Against this backdrop, the Speaker of the Lagos State House of Assembly, Mudashiru Obasa, was quoted in The PUNCH of the same date to have urged “the National Assembly to initiate the process of amending the 1999 Constitution accordingly to enable each of the 36 states establish their own police forces… Without further delay, the NASS, state assemblies and all stakeholders should mobilise, move quickly and devolve policing before insecurity destroys the country.” The title of the editorial in The PUNCH newspaper describes the current situation of the nation’s security architecture. It also speaks to the absence of a vital security institution that state governors need to control if they must truly have the power to secure their states. The comment of Obasa speaks to what needs to be done. Yet, a guest introduced as “Public Affairs Analyst” on a TV station was saying what he said.
As this man spoke, a few things crossed my mind. One, the man wasn’t just out there spreading disinformation and lies. This man came across to me that time as an ethnic bigot, someone who had an axe to grind with one former state governor or a set of state governors and he took the TV platform as an opportunity to taint their persons. Much of this is going on in our public space these days.

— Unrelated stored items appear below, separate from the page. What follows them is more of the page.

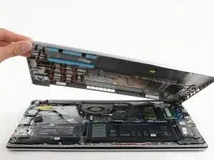 Подденьте вверх, чтобы освободить зажимы вдоль переднего края ноутбука.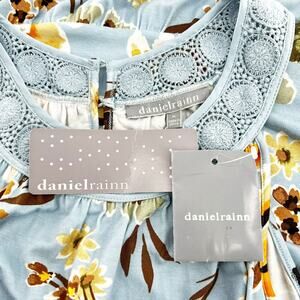 NWT Danielrainn Women's Light Blue Floral High Neck Crochet Midi Dress Size M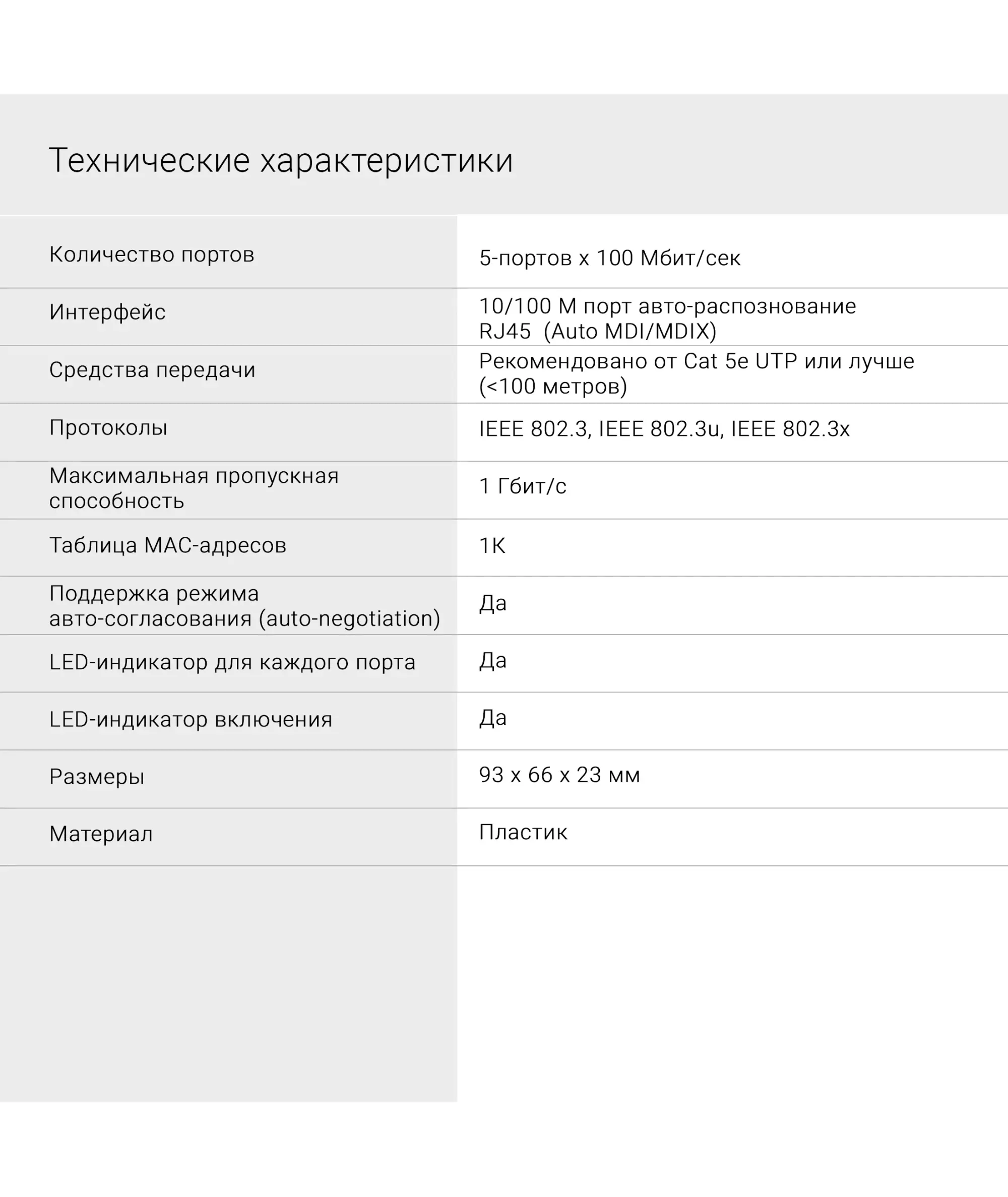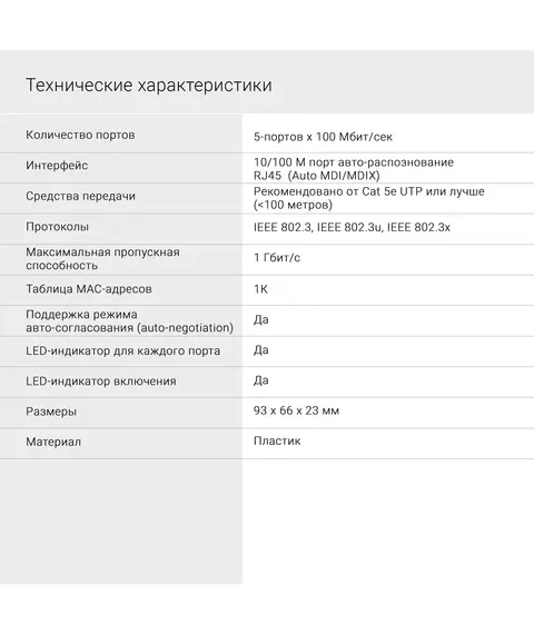 | Особенности2 | Поддержка режима авто-переключения портов (Auto MDI/MDIX) |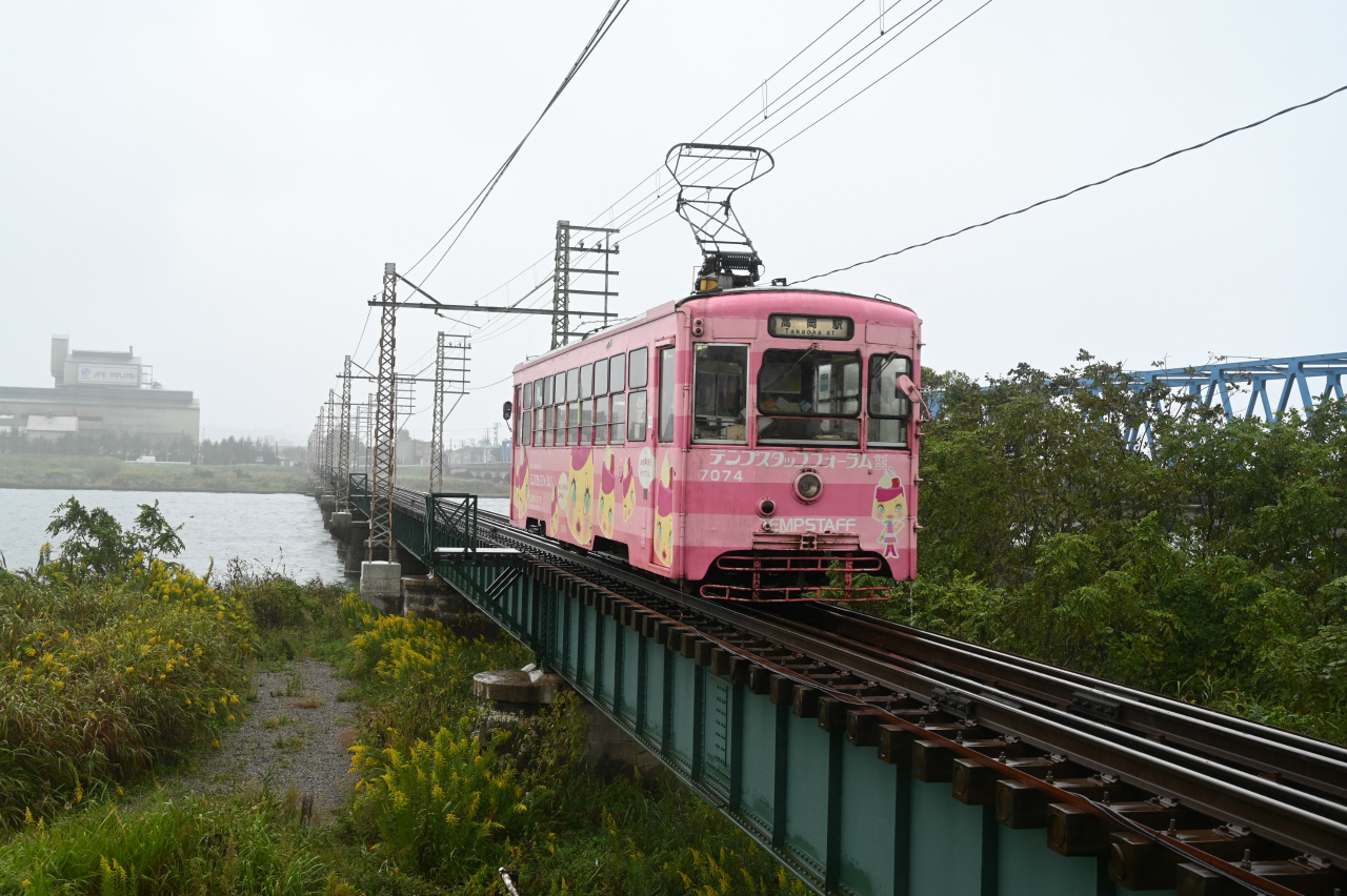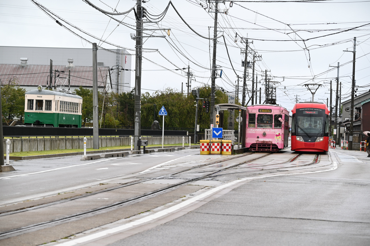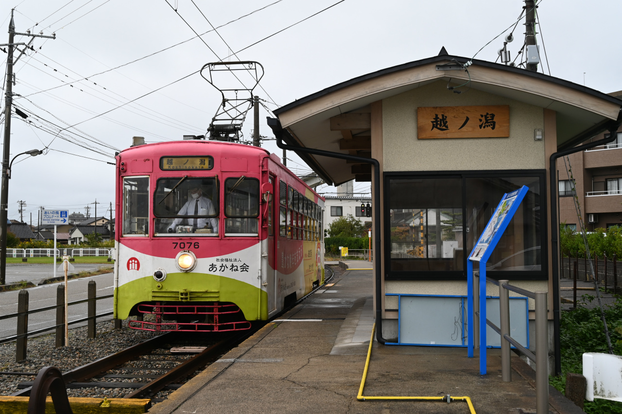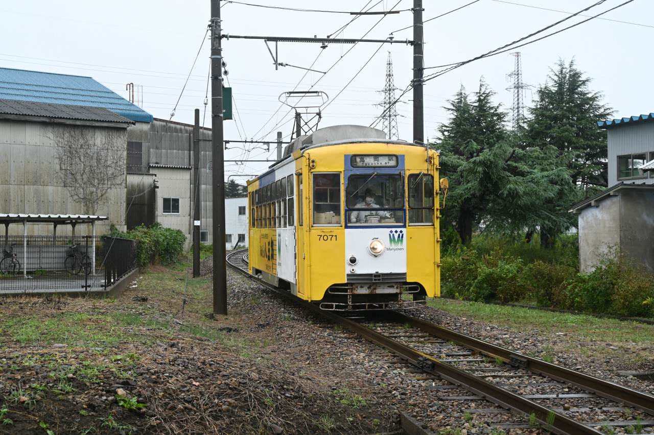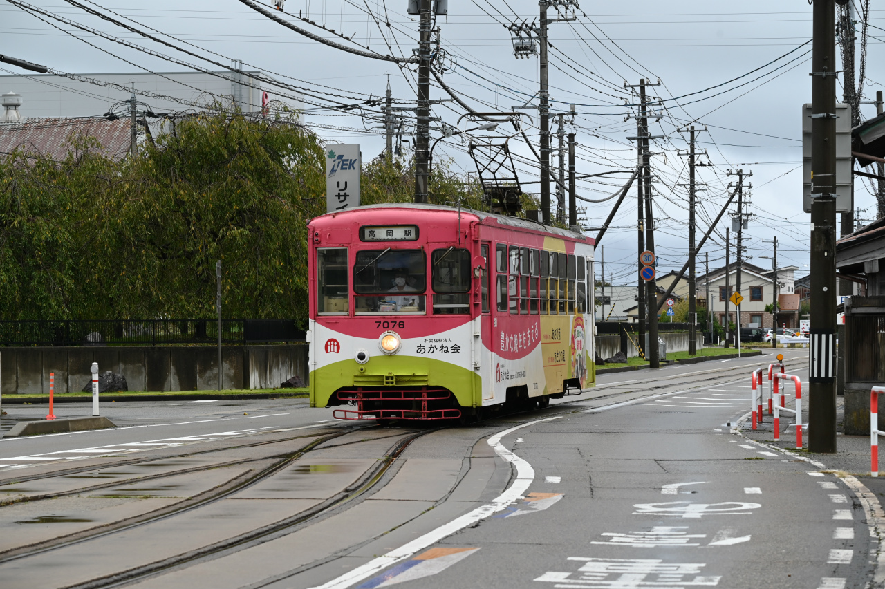 2001年に加越能鉄道が路線の廃止を打ち出し、高岡市と新湊市(現射水市)が中心となって第三セクター「万葉線株式会社」を設立、2002年に全線を移管しています。「万葉線」は奈良時代に「万葉集」の編纂に携わった大伴家持が越中国守として沿線の伏木に赴任したことにちなみます。2004年には低床車「アイトラム」MLRV1000形を導入。2014年には高岡駅前から高岡駅ビルの中に100m延長されています。1974年以来47年ぶりの撮影です。
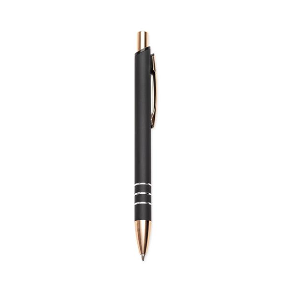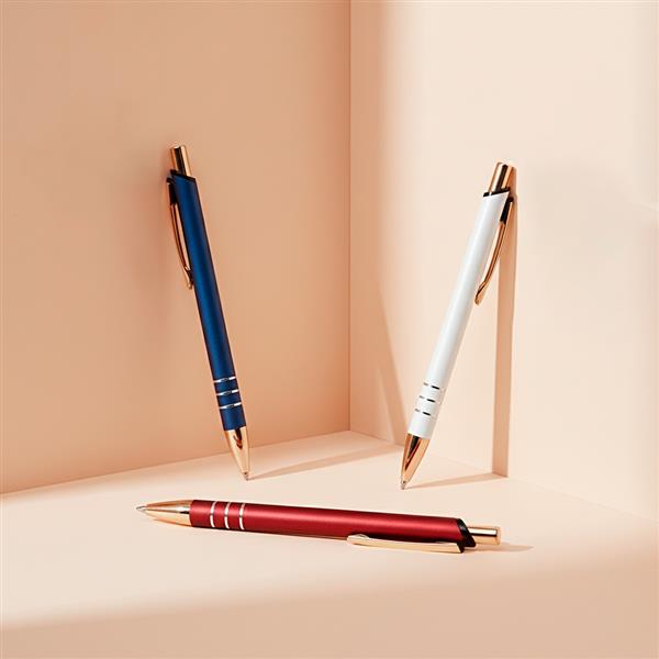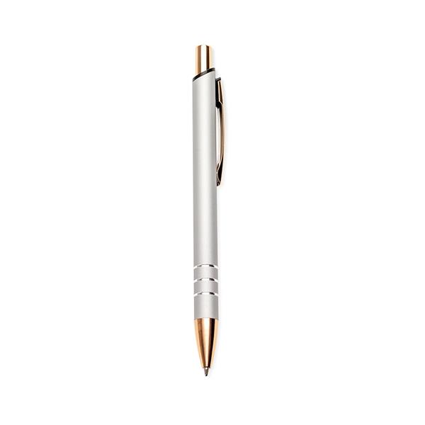 Caneta metálica com acionamento por clique e carga esferográfica azul de 1,0mm, oferecendo uma pegada leve para uma escrita mais precisa. Largura : 1,5 cm Comprimento : 14,2 cm Peso aproximado (g): 16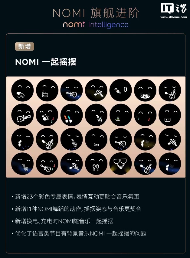 新增 11 种 NOMI 舞蹈的动作,摇摆姿态与音乐更契合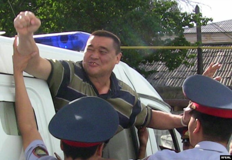 Рамазан Есергепов, осужденный на три года тюрьмы главный редактор независимой газеты «Алма-Ата Инфо», в момент доставки его в здание суда в день оглашения приговора. Тараз, 8 августа 2009 года.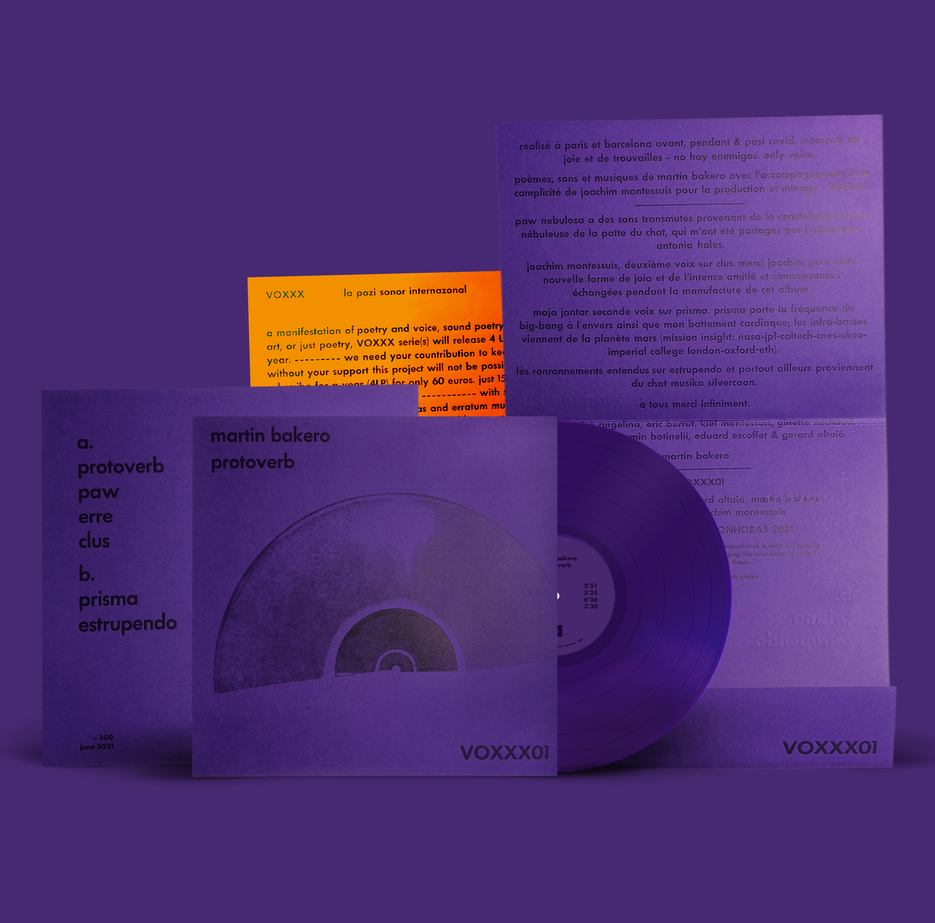 This is the first release of the VOXXX series, a sound poetry magazine with 4 LP releases each year. A manifestation of poetry and voice, sound poetry or vocal art. A joined adventure by Erratum Musical (Paris) and Sonhoras (Barcelona). Precious cut and sound edition, along with beautiful artisan work made by hand in letterpress print.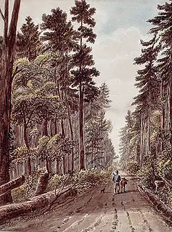 Plus tard, d'autres routes sont construites. Parmi-celles-ci, une route débutant à la rivière Don, où Queen Street la traverse actuellement, et se dirigeant vers l'est[44],[45]. La route est construite assez large et avec des inclinaisons graduelles afin de permettre le passage des carrioles. Des segments de ce tracé ont été incorporés à la Route 2 dans la région de Scarborough[46].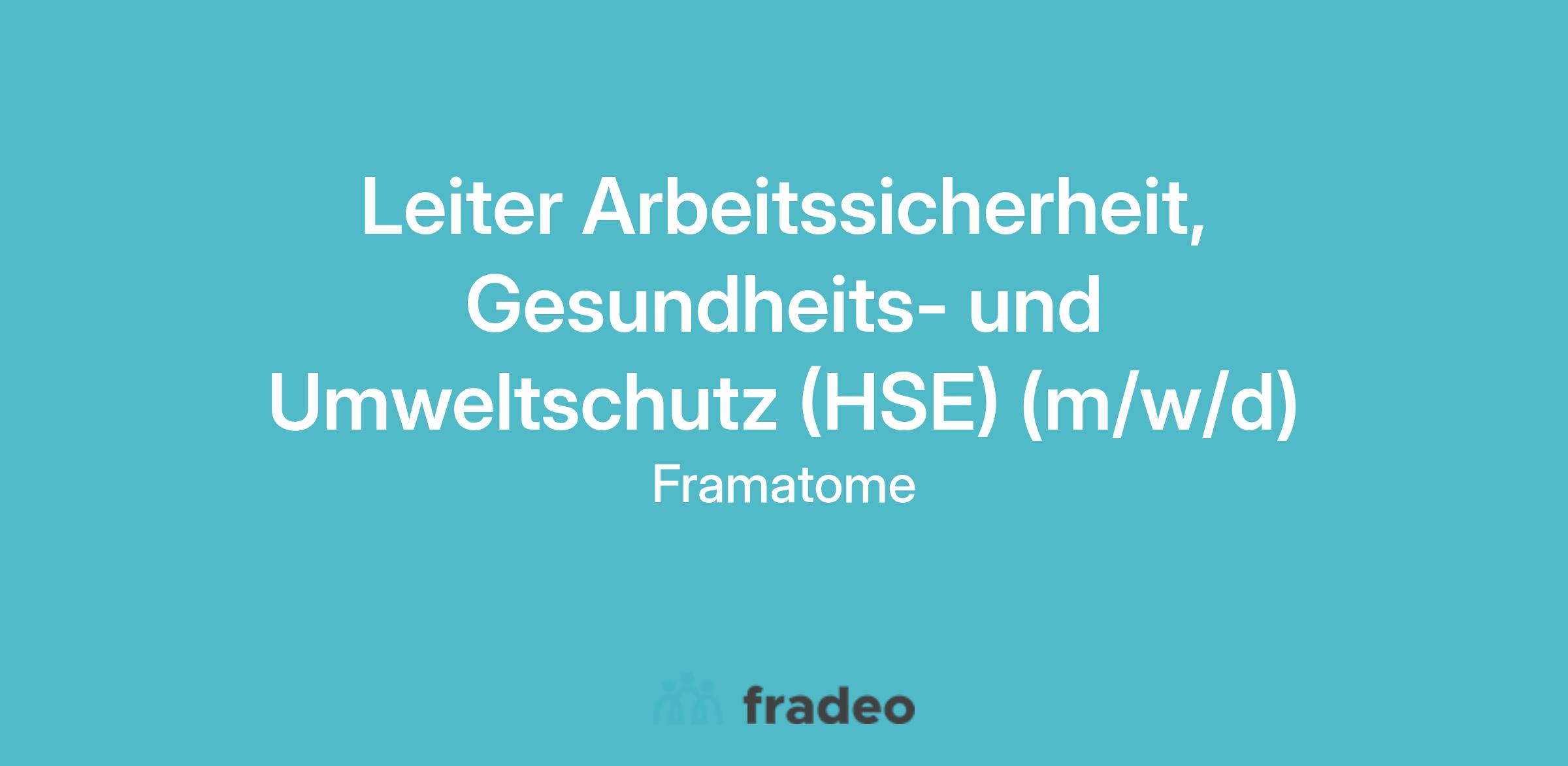 - Verantwortung für die Umsetzung der HSE-Strategie gemäß den Framatome-Grundsätzen

Persons are introduced on TV as a “Public Affairs Analyst” and actually they are bitter people with grudges against one person or the other. Often nothing is objective in what they say, and their choice of language gives them away. Some are sore losers in one election or the other. They talk bad of people they dislike, present others as demons, and in the process mislead the public. Yet the guy on TV that time was packaged as someone we should believe. It wasn’t all his fault, but the interviewees who failed to ask him obvious follow-up questions. There’s a pattern to this.
I notice that each time an interviewee has something to criticise about a specific broadcast platform interviewers interject to redirect the discussion. The same happens when an interviewee speaks against a political player that interviewers are close to. But when an interviewee makes wrong assertions about a political actor that the interviewers themselves have their biases against, they don’t interject. Rather they allow the interviewee to flow, spewing misinformation and presenting it as the truth. This doesn’t make an interviewer look good, as one of our responsibilities as journalists is to ensure that what we serve the public is accurate. Any public affairs analyst should also be subjected to the same rigorous requirement rather than use a media platform to misinform Nigerians.